Nessuno, a parole, mette mai in discussione queste indicazioni, eppure… alla fine, l’elezione delle RSU rimane confinata alle aziende nelle quali sono in vigore accordi categoriali che ne prevedano la elezione, sulla base dell’accordo interconfederale siglato dalle associazioni padronali dell’industria, e in qualche realtà territoriale – per esempio nel nostro settore in Lombardia – dove esistono accordi anche con aziende della distribuzione e dei servizi. Procedere al loro rinnovo è sempre più difficile, per l’opposizione della FISASCAT-CISL certamente, ma anche perché comincia a diffondersi anche tra noi, in CGIL, l’idea che con le Rsa – che sono quasi sempre di nomina, e quasi mai elette dai loro colleghi, pure iscritti alla CGIL contrariamente alle indicazioni perentorie dei nostri documenti e deliberazioni – il lavoro sindacale è più semplice, perché la Rsa risponde all’organizzazione e con il funzionario si rapporta, divenendone il terminale organizzativo sul luogo di lavoro. Il rischio che si corre, anche se quasi sempre la RSA viene individuata tra le lavoratrici e i lavoratori più combattivi, è che si crei un rapporto burocratico di “dipendenza” della Rsa dal funzionario che segue l’azienda e da cui dipende il permanere della Rsa stessa nel proprio ruolo.

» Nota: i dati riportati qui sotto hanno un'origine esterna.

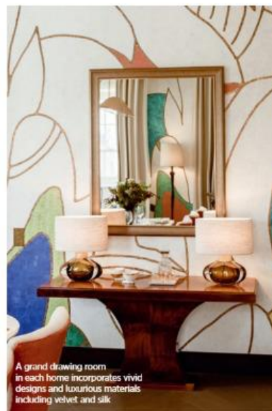
A grand drawing room in each home incorporates vivid designs and luxurious materials including velvet and silk
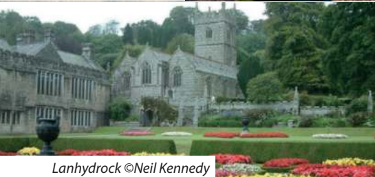
Lanhydrock
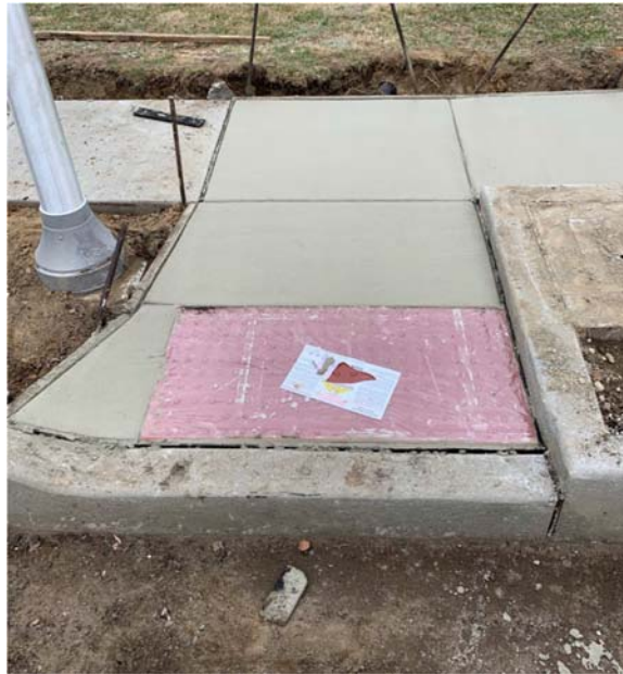
Figure 1: Concrete sidewalk and curb ramp with detectable warning surface placed

Non è una questione da poco perché dietro questa “fatica” di battersi per la elezione delle Rsu e di eleggere le Rsa – che occasione sarebbero i congressi in corso per farlo! – c’è l’idea che il sindacato sia dei lavoratori e che l’obiettivo di un unico sindacato, democratico, unitario e pluralista, viva come prospettiva e come obiettivo cui ritornare perché il sindacato confederale – a differenza di quello corporativo – firma accordi validi erga omnes, e non solo per gli iscritti, e vuole parlare a nome di tutti i lavoratori iscritti e non iscritti.

Per la nostra organizzazione la battaglia per la costituzione ed elezione delle Rsu e delle Rls non può essere materia secondaria. Solo con delegati eletti, maturi e responsabilizzati, la storia del sindacato confederale potrà continuare. La crisi della politica ci insegna che senza radicamento sociale profondo ogni organizzazione è destinata ad appassire. E la democrazia passa dalla forza dei rappresentati ancora prima che dalla potenza dei rappresentanti: perché senza una base forte, coinvolta, consapevole non esiste futuro.

La CGIL resta, con i suoi oltre 5 milioni di iscritti - nonostante le difficoltà, la perdita di occupati in molti settori, la marcia indietro sui diritti che spinge tanti lavoratori a rinunciare ad organizzarsi per sfiducia e rassegnazione o rabbia mal indirizzata - l’unica (a parte la chiesa cattolica) organizzazione di massa del nostro paese, proprio per la capacità di coinvolgere e offrire strumenti e protagonismo ai nostri delegati. Ed è solo grazie a questa spinta democratica che la struttura burocratica, indispensabile per assicurare esperienza e conoscenza specifica all’attività sindacale, non appassisce in se stessa, nel delirio autoreferenziale che ha ucciso i grandi partiti italiani del dopoguerra.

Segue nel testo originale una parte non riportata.